These disease investigation specialists usually track down STDs. Now they’re doing COVID-19 contact tracing

By Kristin Toussaint

While it’s never been especially visible, the importance of “contact tracing” to curb the spread of disease is not new to the COVID-19 pandemic. As tech companies develop contact tracing apps that draw skepticism and raise privacy concerns, one organization is deploying its employees to carry out this important public health work with a shoe-leather approach, just as they’ve been doing for decades to stem the spread of a different kind of health concern: STDs.

Disease intervention specialists—sometimes called disease investigation specialists, often shortened to DIS—have long been on the front lines of STD prevention and care in the U.S., and now they’re on the front lines of the coronavirus crisis. “These are the boots-on-the-ground public health workforce that investigate disease outbreaks, and they are mostly supported through STD dollars,” says David Harvey, executive director of the National Coalition of STD Directors, a public health organization with a membership of state and local health programs that employ DIS.

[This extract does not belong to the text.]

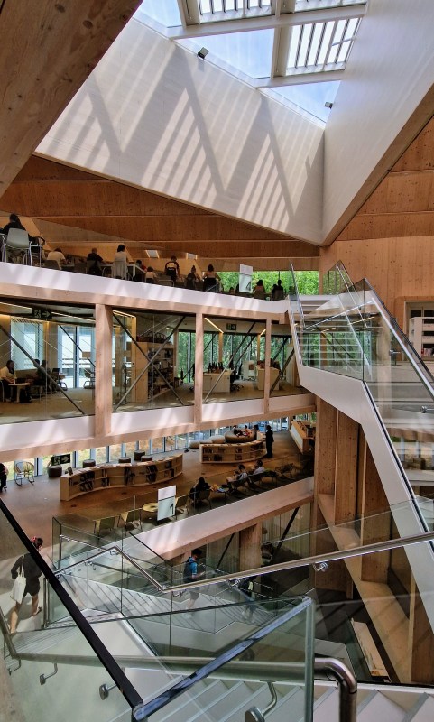 The interior spaces are varied in size and proportion, making for an eventful promenade while offering users plenty of choices in terms of places to work or hang out: there is a low-ceilinged area with children’s books, another area where small groups of teenagers do homework together, a media classroom where elderly people learn information technology, a lounge for reading periodicals, plus many stacks of books. There is something for every age group and social class in this bright and inviting public building.

The coalition works closely with the CDC, and though DIS focus on sexually transmitted diseases, its investigators can be deployed for everything from food-borne illness outbreaks to ebola, and so they often interact with epidemic intelligence service officers, so-called “disease detectives.” The roles are a bit different, though, Harvey says. “There is a lot of overlap, but technically speaking DIS are very much of the community that they serve. It’s a workforce that is majority African American and Latino. They are folks that literally go out door to door, community to community, interviewing people, building relationships, building trust.”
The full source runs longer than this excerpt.